The BBC has since amended the job posting, removing the controversial line about physical fitness and has changed the wording to reflect that the advert is in fact for work experience and not a job.

The studio wrote in a statement: “We have amended the original advert to accurately reflect the placements on offer - they are work experience and not jobs and are governed by strict rules, including paying expenses to cover food and travel costs.

“Work experience placements are limited to a maximum of ten days and never include activities that we would normally pay someone to do.”

Can you ask staff to work unpaid?

According to Gov.uk, school students under the working age of 16 aren’t entitled to the national minimum wage. However, an intern over the age of 18 is entitled to pay if they count as a worker.
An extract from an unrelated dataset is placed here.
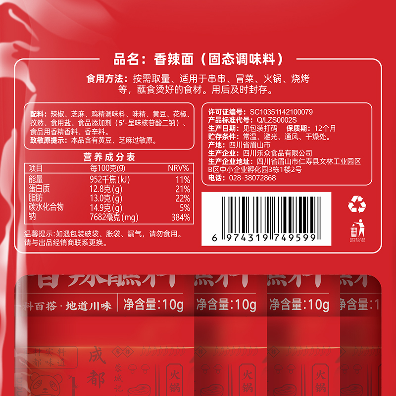Sichuan Chengdu Strings of Hot Pot Dry Sauces With Hot Pepper Noodles Barbecue Sprinkled Hot pepper Spiced Peppery Meat 500g Commercial-Taobao
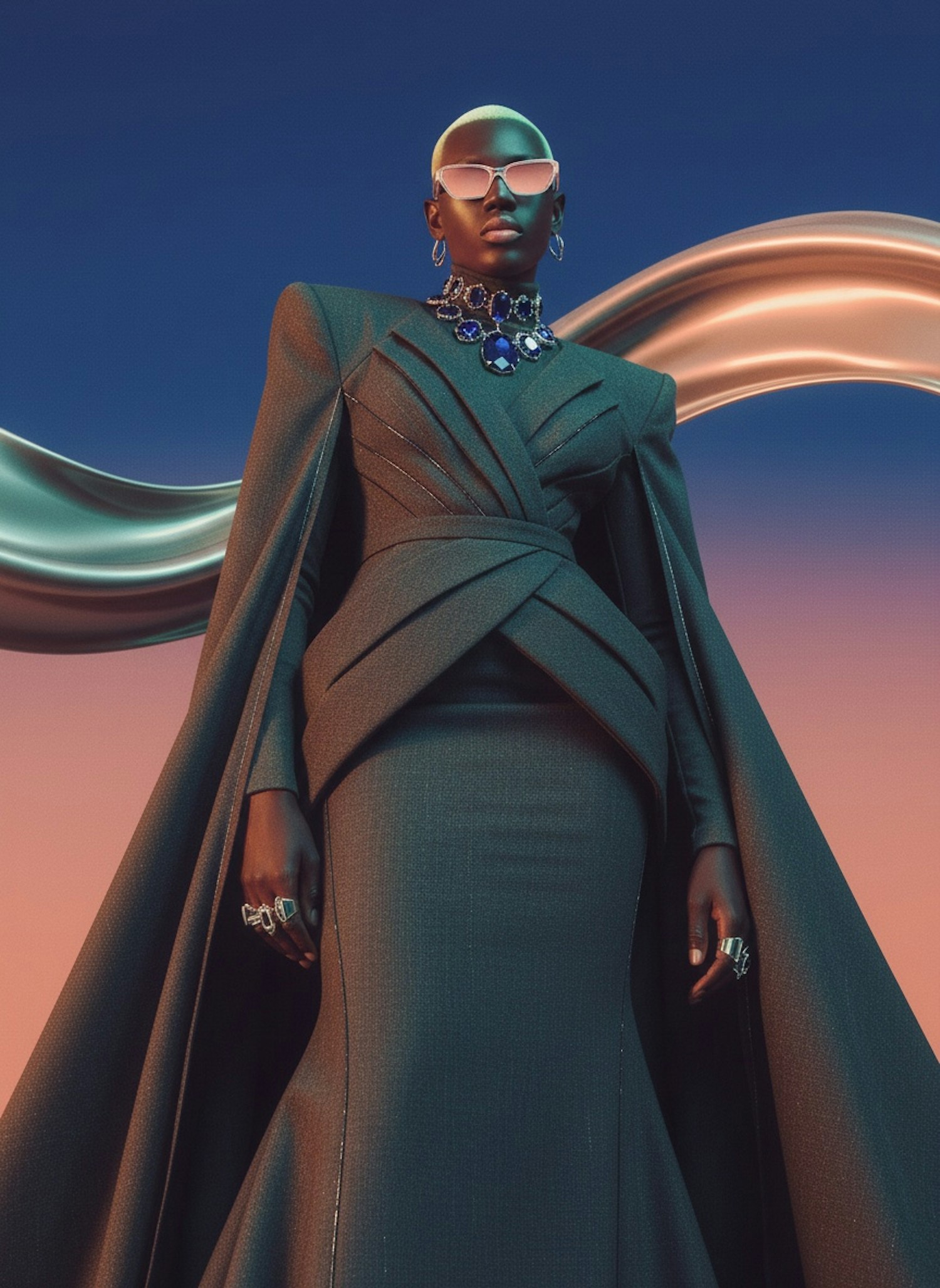 A stylish individual in a dramatic outfit with bold accessories stands against a gradient background, exuding elegance and confidence.

The BBC’s job ad was also tweaked to say that the ‘successful candidates will be mentored by the Production Management Team and will shadow different members of the production team on location’. This is a crucial aspect of the job posting as Gov.uk writes "the employer doesn’t have to pay the minimum wage if an internship only involves shadowing an employee, i.e. no work is carried out by the intern and they are only observing".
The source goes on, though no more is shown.